I had played Persona 4 about a decade ago and Persona 5 when it launched, but I had never bothered with 3 due to the original's off-putting battle system where you could not directly control any of your party members. Portable fixed that but had a lot of concessions made to fit it on the PSP that also turned me off. So Reload was very interesting to me since it finally addressed the issues that kept me from playing the previous versions.

I like Persona 3 a lot! I like its cast and story a lot more than 4's. The new additions to the battle system in this version are pretty fun. My main issues with the game come from the issues I have with every modern Persona. I really like the focus the Persona games have on day-to-day social life stuff, but there's always a certain point where I get very tired of it because you run out of new things to do and it begins to get very repetitive. Eventually you've maxed out enough activities/social stats/social links that you get into a routine of skipping a bunch of very small animations, text boxes, and cutscenes that pop up every time you do something, whether its eating at a restaurant, going to the batting cages, whatever. I look back on my playtime for Persona games and its always around 100 hours... and I always wish I could see just how much of that playtime was walking or teleporting to an activity, hitting start to speed the animations up, and seeing some little music notes appear above the protagonists head before it moves on to the next day and I do that 20ish more times before the story moves on.

The story usually grinds to a halt for these sections of the game, but that's fine in theory because all of the Social Links you are progressing during this section are their own little narratives with a whole bunch of different kinds of people. I love the idea of Social Links. I'm always excited to unlock a new one to see what it's going to be about.

This falls apart when most of the Social Links are boring and/or bad. The SLs in Persona 3 are really weak. A lot of them are forgettable, and when they aren't it's because there's something kind of weird and off-putting about them. The one with the fat kid that feels inferior to the memory of his dead brother... whose family is also part of a doomsday cult. It felt like more time was spent on the cult stuff than anything else, yet it doesn't really get resolved beyond you defending him from some people that want to beat him up in an alley for being in a cult that has ruined people's lives. I guess at the very end you hear that he's moved on to being a food critic or something... but I don't think it says anything about him leaving the cult?

I really dislike how the optimal way to play all of the SLs is to be a huge yes man. Every SL where the person is doing something very bad or destructive, and they ask you for your opinion... if you want to progress optimally you always have to agree with them or cheer their bad decisions on. The teen wants to propose to his teacher? Go for it, dude! The 6 year old girl wants to run away from her parents and get lost and scared in the city? Yeah, that's a great idea!
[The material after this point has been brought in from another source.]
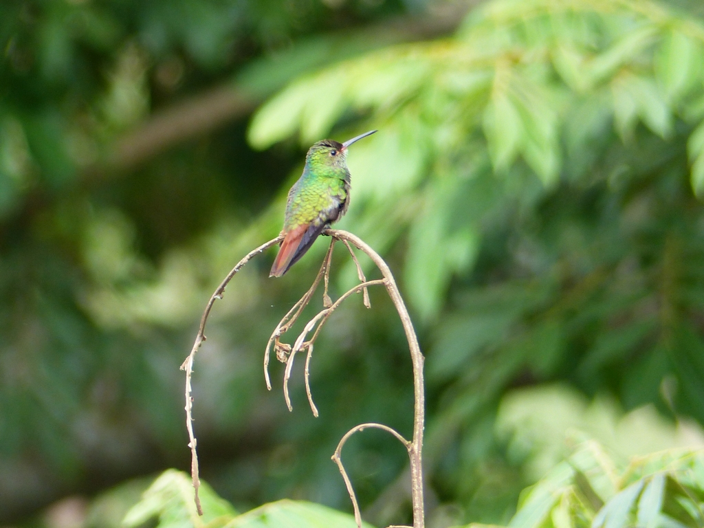 Bon San Ignacio, on ne vous le cachera pas, c’est pas vraiment le lieu rêvé pour les vacances. Mais il y a une rivière en bas du village et bien sûr qui dit rivière dit oiseaux. Alors on a vu un Héron Vert et grâce à l’œil aiguisé de Martine qui l’a repéré dans un arbre, un Colibri (le graal du photographe amoureux des oiseaux, car très difficile à photographier).

It's also funny to see certain frustrating writing beats that I saw in Persona 4 and 5 in this game as well. Every time a party member is suspiciously missing every one goes "oh well, guess they're sleeping/busy with something else" and every time something bad is happening to them. This exact scenario happens multiple times! After the second time you should recognize the pattern!

Anyways I don't really have a conclusion. I like Persona but it always feels like its being held back by some annoying design/writing decisions. I'm curious what Persona 6 will be like now that Hashino, the man who has admitted to never interacting with a woman, has left to make his own bullshit. Is it too much to hope that 6 won't have the usual summer vacation skit where all the boys are horny and peeping on girls and then get hit on by a trans woman or gay man? Every time that happens it sucks big time and it also gets drawn out for an absurdly long amount of time. It's always the one cutscene you know is safe to skip when it happens.